Linux-simple shell

1. Shell related knowledge

1.1 External commands and built-in commands

​ I think the shell can actually be seen as consisting of a front-end for string processing and a back-end for calling other files. The front-end parses the string entered by the user, and then passes the parsed result to the back-end, allowing the back-end to call other files. The files here refer to "external commands". The reason for this name is precisely because the function implementation of external commands is not within the shell. It is precisely because the shell does not need to implement external commands, so the difficulty of this big assignment is not high. The function of corresponding internal commands is implemented within the shell (that is, it needs to be implemented in the code of the shell). Fortunately, large jobs do not require the implementation of internal commands.

​ Regarding whether a command is an internal command or an external command, you can use typethe command to check, for example, enter

type cd

​ will have output

cd 是 shell 内建

​ Description is an internal command, and when input

type less

​ The output is

less 是 /usr/bin/less

​ Description is an external command.

1.2 File descriptors

​ Under the design philosophy of "everything is a file", what we call "redirection" is the process of replacing the standard input and output files with files of our own choice. Here will involve some knowledge of the operating system, as follows:

insert image description here
The above figure is a complete schematic diagram of the relationship between processes and files. On the far left is a unique file descriptor table for each process. Its essence is a file retrieval table. We can use file descriptors (file descriptor, fd) to retrieve corresponding entries.

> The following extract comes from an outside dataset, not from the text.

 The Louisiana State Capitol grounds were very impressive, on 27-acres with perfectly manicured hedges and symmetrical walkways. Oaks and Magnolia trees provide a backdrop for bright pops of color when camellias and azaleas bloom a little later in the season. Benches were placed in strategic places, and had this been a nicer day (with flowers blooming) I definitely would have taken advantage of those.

​ Here first introduce the nature of fd:

  • Each process has its own fd increment space. Positive integers occupied by closed fds may be reused. The number of fds that a single process can open at the same time is limitlimited by system settings.
  • According to the agreement, shellwhen starting a new application, always open the three-number descriptors of 0, 1, as , , . They are named with macros in C, respectively , , .2stdinstdoutstderrSTDIN_FILENOSTDOUT_FILENOSTDERR_FILENO

The entries we retrieve point to something called a file table entry, which is still not a real file. It can be regarded as the state of the file, which records information such as our permissions on this file, the current offset of reading and writing. It is easy to think that two different file entries can correspond to the same file, but there are differences in status information such as permissions and offsets. This file entry table is shared by all processes.

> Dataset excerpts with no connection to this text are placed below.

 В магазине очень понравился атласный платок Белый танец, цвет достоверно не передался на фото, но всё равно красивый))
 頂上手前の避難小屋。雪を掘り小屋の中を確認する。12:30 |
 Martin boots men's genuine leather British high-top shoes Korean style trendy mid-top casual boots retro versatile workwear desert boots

​The file entry will contain a pointer to the v-nodenode , on which is the control block that records the static information of the file, and is v-nodethe one-to-one correspondence between each file and each .

​ In short, when we program in C language, we either use fd(the most essential) or use FILE*to manipulate files (should be the package provided by C). Here we use fd, because we generally use it to implement redirection and pipes, and the parameters of related system calls are file descriptors.

1.3 Opening and closing of files

​ In the user process, it can be implemented through system calls. For opening files, we have

int open(char *filename, int flags, int mode);

usable. This function will open the file filenamenamed permissions flagsdescribed by , we have a series of macros, and support and operation

macro meaning
O_RDONLY read only
O_WRONLY just write
O_RDWR readable and writable
O_CREATE If the file does not exist, create a truncated (empty) file
O_TRUNC If the file already exists, truncate it
O_APPEND Before each write operation, set the file position to the end

modeThe access permission bit of the new file is specified, and there is also a macro definition, but it will not be expanded. Generally, there 0666will .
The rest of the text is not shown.